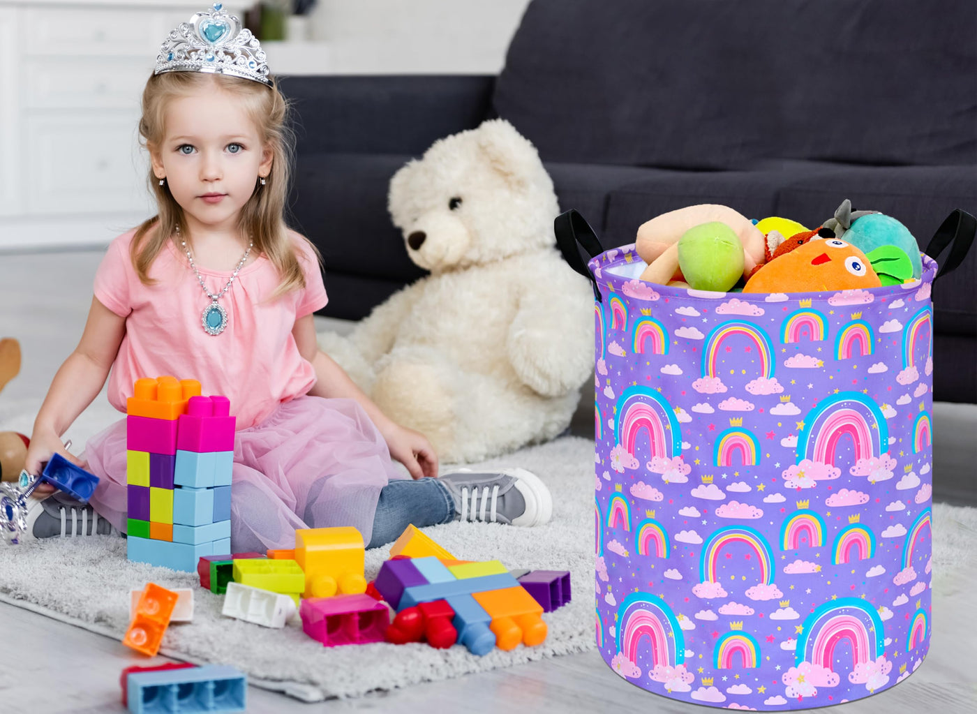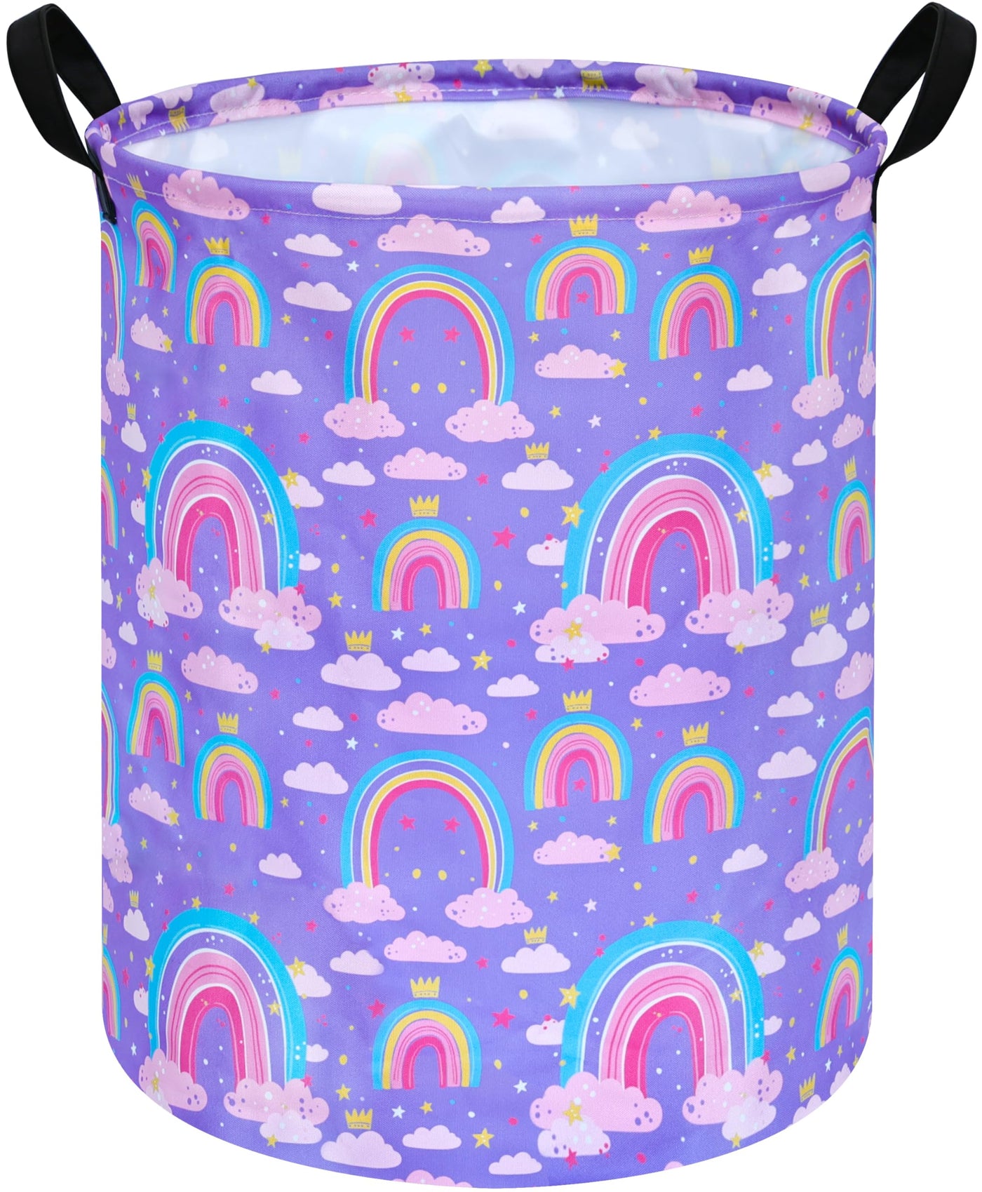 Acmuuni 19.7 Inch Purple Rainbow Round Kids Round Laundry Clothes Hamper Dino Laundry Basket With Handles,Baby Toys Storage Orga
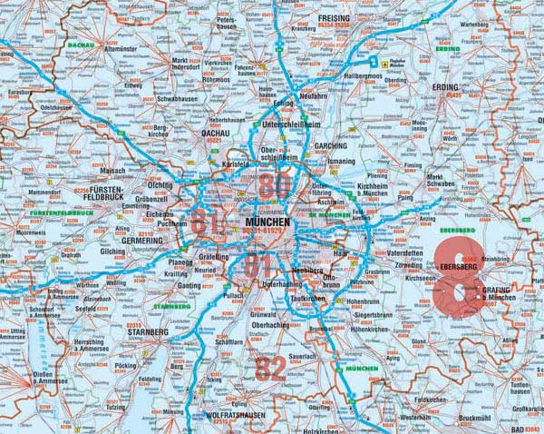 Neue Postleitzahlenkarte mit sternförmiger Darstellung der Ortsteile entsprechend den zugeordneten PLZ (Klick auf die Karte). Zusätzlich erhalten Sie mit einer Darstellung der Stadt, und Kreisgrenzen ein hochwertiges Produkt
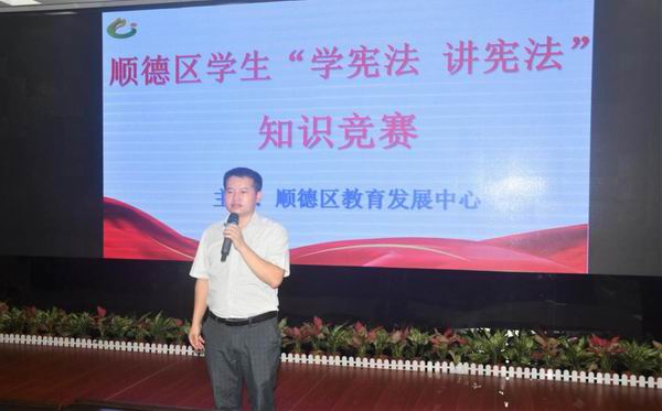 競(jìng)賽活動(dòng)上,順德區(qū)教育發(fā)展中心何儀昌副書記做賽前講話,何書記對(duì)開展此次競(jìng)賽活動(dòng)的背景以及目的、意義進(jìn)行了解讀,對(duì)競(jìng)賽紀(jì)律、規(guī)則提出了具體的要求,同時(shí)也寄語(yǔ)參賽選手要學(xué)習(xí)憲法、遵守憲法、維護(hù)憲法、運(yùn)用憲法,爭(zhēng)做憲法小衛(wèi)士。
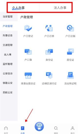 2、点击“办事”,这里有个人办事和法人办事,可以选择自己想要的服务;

---

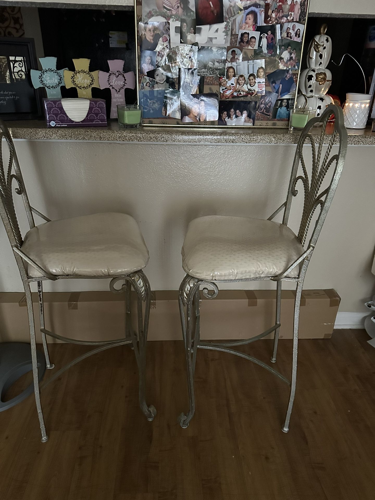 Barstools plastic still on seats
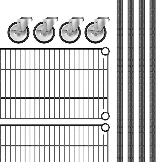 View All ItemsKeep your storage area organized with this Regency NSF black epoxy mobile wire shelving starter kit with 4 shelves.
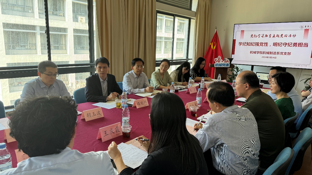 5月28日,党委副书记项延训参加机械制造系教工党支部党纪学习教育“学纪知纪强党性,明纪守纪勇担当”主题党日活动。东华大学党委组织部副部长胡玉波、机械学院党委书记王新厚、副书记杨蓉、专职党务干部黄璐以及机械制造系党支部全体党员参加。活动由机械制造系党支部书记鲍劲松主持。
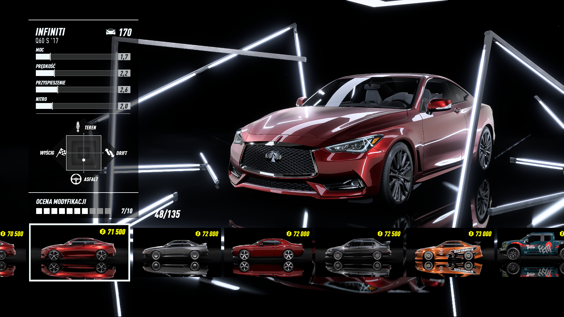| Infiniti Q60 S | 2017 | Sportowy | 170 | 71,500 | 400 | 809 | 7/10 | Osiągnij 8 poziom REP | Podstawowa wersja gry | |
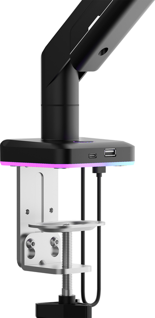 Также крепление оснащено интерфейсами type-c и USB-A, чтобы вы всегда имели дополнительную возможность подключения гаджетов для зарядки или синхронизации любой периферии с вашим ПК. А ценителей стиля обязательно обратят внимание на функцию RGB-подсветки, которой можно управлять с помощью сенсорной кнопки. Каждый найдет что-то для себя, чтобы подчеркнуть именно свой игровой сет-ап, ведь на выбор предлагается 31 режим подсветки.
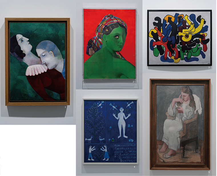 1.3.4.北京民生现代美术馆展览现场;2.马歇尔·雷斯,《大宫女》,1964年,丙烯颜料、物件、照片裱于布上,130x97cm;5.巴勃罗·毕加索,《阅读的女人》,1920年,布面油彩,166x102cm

--

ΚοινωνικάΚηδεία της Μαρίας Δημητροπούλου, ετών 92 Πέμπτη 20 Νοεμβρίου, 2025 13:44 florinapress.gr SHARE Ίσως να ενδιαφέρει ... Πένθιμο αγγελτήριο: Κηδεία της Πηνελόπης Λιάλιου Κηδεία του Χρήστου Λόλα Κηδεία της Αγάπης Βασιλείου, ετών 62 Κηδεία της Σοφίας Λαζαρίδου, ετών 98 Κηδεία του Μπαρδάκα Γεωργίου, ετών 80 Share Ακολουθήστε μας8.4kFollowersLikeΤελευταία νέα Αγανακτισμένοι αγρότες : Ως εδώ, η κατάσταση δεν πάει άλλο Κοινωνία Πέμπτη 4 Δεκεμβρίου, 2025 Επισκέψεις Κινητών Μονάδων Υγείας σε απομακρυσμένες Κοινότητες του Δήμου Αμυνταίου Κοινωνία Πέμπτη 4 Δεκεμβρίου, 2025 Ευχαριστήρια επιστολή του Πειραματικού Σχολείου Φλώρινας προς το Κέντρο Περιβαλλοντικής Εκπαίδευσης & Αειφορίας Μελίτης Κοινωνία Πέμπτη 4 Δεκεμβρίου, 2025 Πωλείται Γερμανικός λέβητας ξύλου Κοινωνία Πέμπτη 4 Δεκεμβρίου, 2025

Exercise directions: Copy exactly the lines of the entries above from the one containing "View All ItemsKeep" through the one containing "1.3.4.北京民生现代美术". Both end lines count; pictures do not.

Task answer:
 View All ItemsKeep your storage area organized with this Regency NSF black epoxy mobile wire shelving starter kit with 4 shelves.
 5月28日,党委副书记项延训参加机械制造系教工党支部党纪学习教育“学纪知纪强党性,明纪守纪勇担当”主题党日活动。东华大学党委组织部副部长胡玉波、机械学院党委书记王新厚、副书记杨蓉、专职党务干部黄璐以及机械制造系党支部全体党员参加。活动由机械制造系党支部书记鲍劲松主持。
| Infiniti Q60 S | 2017 | Sportowy | 170 | 71,500 | 400 | 809 | 7/10 | Osiągnij 8 poziom REP | Podstawowa wersja gry | |
 Также крепление оснащено интерфейсами type-c и USB-A, чтобы вы всегда имели дополнительную возможность подключения гаджетов для зарядки или синхронизации любой периферии с вашим ПК. А ценителей стиля обязательно обратят внимание на функцию RGB-подсветки, которой можно управлять с помощью сенсорной кнопки. Каждый найдет что-то для себя, чтобы подчеркнуть именно свой игровой сет-ап, ведь на выбор предлагается 31 режим подсветки.
 1.3.4.北京民生现代美术馆展览现场;2.马歇尔·雷斯,《大宫女》,1964年,丙烯颜料、物件、照片裱于布上,130x97cm;5.巴勃罗·毕加索,《阅读的女人》,1920年,布面油彩,166x102cm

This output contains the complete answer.